Convolutional neural networks (CNN) are a class of ANN, typically applied to image analysis, and which typically include convolution and pooling functions, among others.

BRIEF DESCRIPTION OF THE DRAWINGS

A more detailed understanding can be had from the following description, given by way of example in conjunction with the accompanying drawings wherein:

FIG. 1 is a block diagram of an example device in which one or more features of the disclosure can be implemented;

FIG. 2 is a block diagram of the device of FIG. 1, illustrating additional detail;

FIG. 3 is a schematic diagram illustrating an example ANN;

FIG. 4 is a flow chart which illustrates an example process for replacing filters in a CNN;

FIG. 5 is a flow chart which illustrates an example process for creating a timing profile;

FIG. 6 is a flow chart which illustrates an example process for scaling filters;

FIG. 7 is a flow chart which illustrates an example process for downscaling filters;

FIG. 8 is a block diagram illustrating example upscaling of a filter;

FIG. 9 is a block diagram illustrating example downscaling of a filter; and

FIG. 10 is a block diagram illustrating downscaling of an example layer of a CNN.

DETAILED DESCRIPTION

Some implementations provide a method for increasing inference speed of a trained convolutional neural network (CNN). A first computation speed of first filters having a first filter size in a layer of the CNN is determined, a second computation speed of second filters having a second filter size in the layer of the CNN is determined; and the size of at least one of the first filters is changed to the second filter size if the second computation speed is faster than the first computation speed.

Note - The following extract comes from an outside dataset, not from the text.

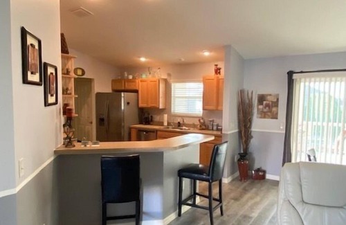 Details are in the Agreement sent after booking. Fabulous location, corner lot, plenty of room to enjoy your home away from home. Three bedroom, two bath home. Luxury vinyl flooring throughout the main living areas with carpet in the bedrooms. Front guest room has a trundle bed ( 2 twin beds in trundle) and desk area for office. Second guest room has queen size bed. The guest bathroom has a tub/shower combo. Master bedroom has a king size bed and flat screen TV. The master bath has a walk in shower and dual vanities. Large walk in master closet.

In some implementations the CNN is retrained, after changing the size of at least one of the first filters to the second filter size, to generate a retrained CNN, a key performance indicator (KPI) loss of the retrained CNN is determined, and the size of a fewer number of the first filters is changed to the second filter size if the KPI loss exceeds a threshold. In some implementations, the size of a greater number of the first filters is changed to the second filter size if the KPI loss does not exceed the threshold. In some implementations, changing first filters to the second filter size includes upscaling the at least one of the first filters. In some implementations, the upscaling includes padding the at least one of the first filters with zero weights. In some implementations, changing first filters to the second filter size includes downscaling the at least one of the first filters. In some implementations, the downscaling includes max pooling. In some implementations, a norm of each of the first filters is determined, and the first filters are ranked by their norms. A lowest normed filter of the first filters is scaled, and a highest normed filter of the first filters is not scaled. In some implementations, the size of at least one of the first filters is changed to a third filter size if the second computation speed is slower than the first computation speed. In some implementations, the size of at least one of the first filters is changed to the second filter size if the second computation speed is equal to the first computation speed.

Some implementations provide a processor for increasing inference speed of a trained CNN. The processor includes circuitry that determines a first computation speed of first filters having a first filter size in a layer of the CNN, determines a second computation speed of second filters having a second filter size in the layer of the CNN, and changes the size of at least one of the first filters to the second filter size if the second computation speed is faster than the first computation speed.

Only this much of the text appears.